▶ INSTRUCTIONS FOR THE TASK
Leaving out pictures, output exactly the lines below from the one that has "Leader de son" through the one that has "伴随着微风,祝福就这样来了。", and nothing else.

--- INFORMATION PROVIDED Enclosed Below ---

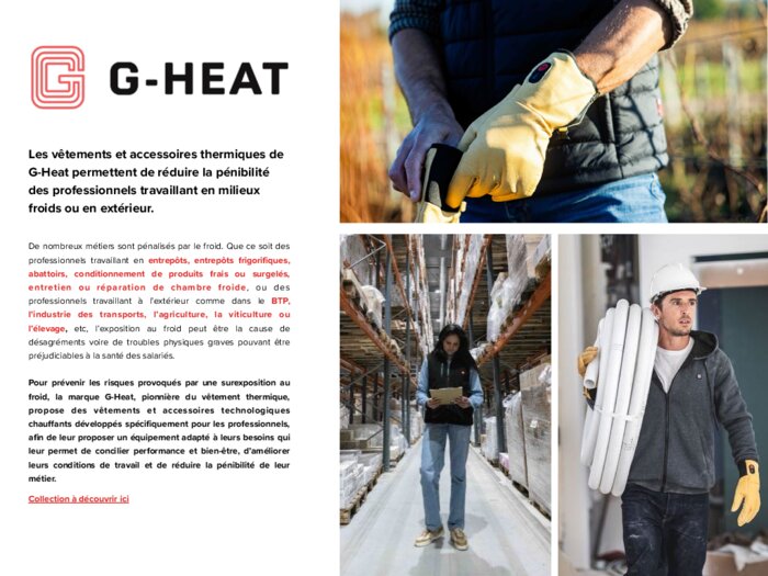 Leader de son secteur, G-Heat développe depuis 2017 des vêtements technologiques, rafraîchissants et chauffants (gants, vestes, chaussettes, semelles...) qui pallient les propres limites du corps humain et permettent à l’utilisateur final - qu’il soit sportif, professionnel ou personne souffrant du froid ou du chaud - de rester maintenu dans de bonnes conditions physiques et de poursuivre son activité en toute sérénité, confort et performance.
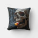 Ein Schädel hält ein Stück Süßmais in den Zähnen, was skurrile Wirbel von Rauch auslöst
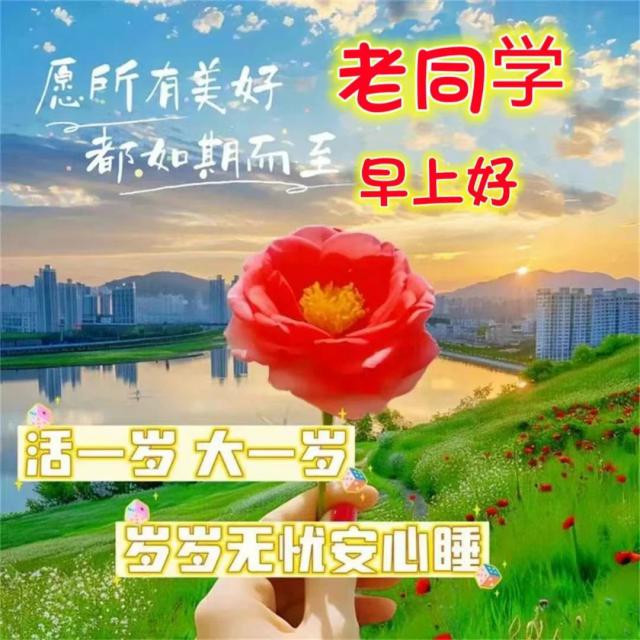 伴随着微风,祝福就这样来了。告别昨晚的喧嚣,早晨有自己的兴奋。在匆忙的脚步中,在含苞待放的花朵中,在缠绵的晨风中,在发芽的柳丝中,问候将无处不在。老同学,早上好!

--- End of Enclosed INFORMATION PROVIDED ---
--- INFORMATION PROVIDED Enclosed Below ---

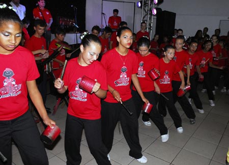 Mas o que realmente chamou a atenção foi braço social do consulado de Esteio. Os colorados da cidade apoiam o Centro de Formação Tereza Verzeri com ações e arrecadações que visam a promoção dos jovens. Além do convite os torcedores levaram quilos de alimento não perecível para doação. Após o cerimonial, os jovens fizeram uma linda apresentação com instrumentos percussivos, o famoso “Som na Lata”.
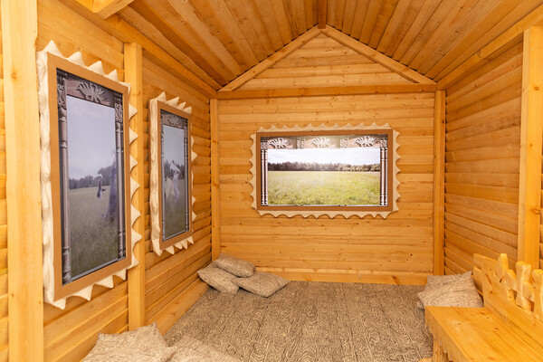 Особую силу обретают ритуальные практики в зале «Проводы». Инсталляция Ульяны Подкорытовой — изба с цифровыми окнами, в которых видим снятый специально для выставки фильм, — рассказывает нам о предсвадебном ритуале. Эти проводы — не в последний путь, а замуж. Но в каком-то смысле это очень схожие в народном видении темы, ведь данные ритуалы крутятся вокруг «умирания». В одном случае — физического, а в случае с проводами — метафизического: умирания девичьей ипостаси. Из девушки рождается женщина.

--- End of Enclosed INFORMATION PROVIDED ---
--- INFORMATION PROVIDED Enclosed Below ---

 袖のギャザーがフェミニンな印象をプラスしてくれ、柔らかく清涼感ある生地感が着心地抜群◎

--- End of Enclosed INFORMATION PROVIDED ---

▶ EXERCISE RESULT
 Leader de son secteur, G-Heat développe depuis 2017 des vêtements technologiques, rafraîchissants et chauffants (gants, vestes, chaussettes, semelles...) qui pallient les propres limites du corps humain et permettent à l’utilisateur final - qu’il soit sportif, professionnel ou personne souffrant du froid ou du chaud - de rester maintenu dans de bonnes conditions physiques et de poursuivre son activité en toute sérénité, confort et performance.
 Ein Schädel hält ein Stück Süßmais in den Zähnen, was skurrile Wirbel von Rauch auslöst
 伴随着微风,祝福就这样来了。告别昨晚的喧嚣,早晨有自己的兴奋。在匆忙的脚步中,在含苞待放的花朵中,在缠绵的晨风中,在发芽的柳丝中,问候将无处不在。老同学,早上好!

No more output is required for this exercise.